From 2015 to 2018, the proportion of people who inject drugs who have received treatment for hepatitis C has almost tripled in San Francisco, according to results published in PLOS ONE.
Because 80% of hepatitis C transmissions occur among people who inject drugs, this group faces a greater risk of contracting the virus and—if left untreated—developing complications, such as cirrhosis and liver cancer.
Two thirds of the approximately 22,000 individuals who tested positive for antibodies to hepatitis C virus (HCV) in San Francisco in 2016 were people who inject drugs. Of these, only 23% had received antiviral therapy. In order to better implement efforts to eliminate hepatitis C by 2030—a goal set by the United States and the World Health Organization—data on whether people who inject drugs are plugged into care is needed.
Ali Mirzazadeh, PhD, MD, MPH, of the University of California, San Francisco, and colleagues examined data from the 2018 National HIV Behavioral Surveillance (NHBS) surveys of people who inject drugs in San Francisco. They compared this information with data from the 2015 NHBS survey to assess any changes. Participants were asked whether they had been tested for hepatitis, what the results were and whether they had received treatment. They also had blood drawn to test for HCV and HIV.
A total of 456 people who inject drugs responded to the survey in 2018. Most were older than 40 (60%), white (46%), male (68%), unemployed (45%) and currently unhoused (77%); 9% were living with HIV. However, 88% said they had a regular source of health care, and 94% had some type of health insurance. Most said they injected more than once a week (90%) and used needle exchange services (91%).
Of these, 88% reported ever having been tested for hepatitis C. Sixty-three percent tested positive for HCV antibodies (indicating they had ever had the virus), and 50% were diagnosed with current active infection. Of those diagnosed, 42% received antiviral therapy, and 81% of those treated achieved a sustained virological response (SVR)—an undetectable viral load 12 weeks after completing therapy—which is considered a cure.

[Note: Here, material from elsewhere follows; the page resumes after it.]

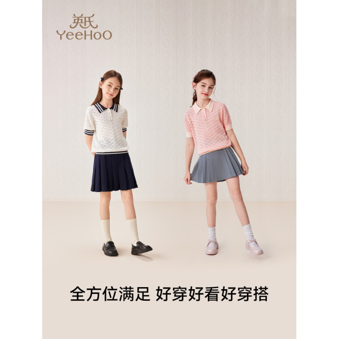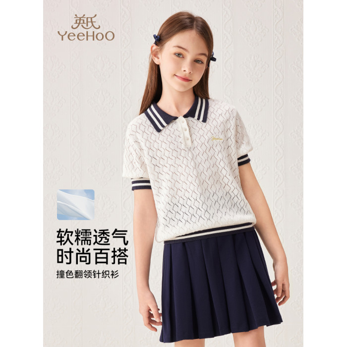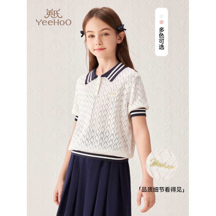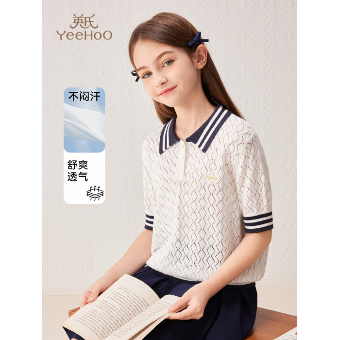 英氏女童短袖t恤翻領2025夏季新款兒童鏤空透氣小香風針織衫上衣
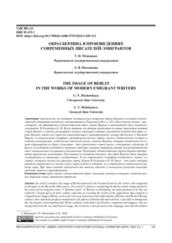 Предлагаемое исследование посвящено рассмотрению образа Берлина в немецкой художественной литературе писателей, эмигрировавших в Германию в 90-е гг. XX в. Цель данной статьи - рассмотреть, как формируется художественный образ города Берлина в произведениях двух писателей-эмигрантов: В. Каминера и К.-Ф. Банчу, выявить, как авторы определяют основные параметры понятия «город Берлин», а также раскрывают систему оппозиций, которые организуют комплексный образ города Берлина, таких как город как взаимодействие и противостояние культур Восточной и Западной Европы, их национальная специфика, проявляющаяся во всех сферах жизни и деятельности человека, а особенно иммигрантов, особенности столичной жизни, жители Берлина, которые неотделимы от города и формируют его образ, а берлинцы - это и рожденные в этом городе, и эмигранты, и беженцы. В фокусе исследования находятся и языковые средства, которые выбирают авторы для воспроизведения своих эмоциональных ассоциаций и впечатлений. Некоторые художественные образы Берлина приобретают иронические коннотации. Результаты исследования показали, что образ Берлина обоих авторов складывается из одинаковых составляющих. В них отражается специфика конкретного города, его статус, история и только ему присущие черты. Берлин В. Каминера и К.-Ф. Банчу - это город, который является отражением не только узкого мирка каждого индивида, но и отражением национальной картины мира. При этом каждый предлагает свое видение объекта и использует различные языковые средства, приемы и трансформации.

Comparing data from the 2015 and 2018 surveys, the researchers found that similar proportions of people were tested and received an HCV diagnosis. But only 19% received treatment in 2015, compared with 42% in 2018.
After adjusting for other factors, people without health insurance and those with no regular source of health care were significantly less likely to receive treatment for hepatitis C in 2018. In 2015, people who identified as transgender were also less likely to be treated, but this was no longer the case in 2018, when all the transgender individuals who completed the 2018 survey had been treated for hepatitis C. While unhoused individuals were more likely to have received treatment in 2018 than in 2015, nearly 70% still remained untreated.
“While findings indicate an improvement in HCV treatment uptake among PWID [people who inject drugs] in San Francisco, more than half of PWID diagnosed with HCV infection had not received HCV treatment in 2018,” the study authors concluded.
More than 1,400 people who inject drugs would need to be treated annually in order to eliminate hepatitis C by 2030 in San Francisco, the researchers estimated. “Policies and interventions to increase coverage are necessary, particularly among PWID who are uninsured and outside of regular care,” they wrote.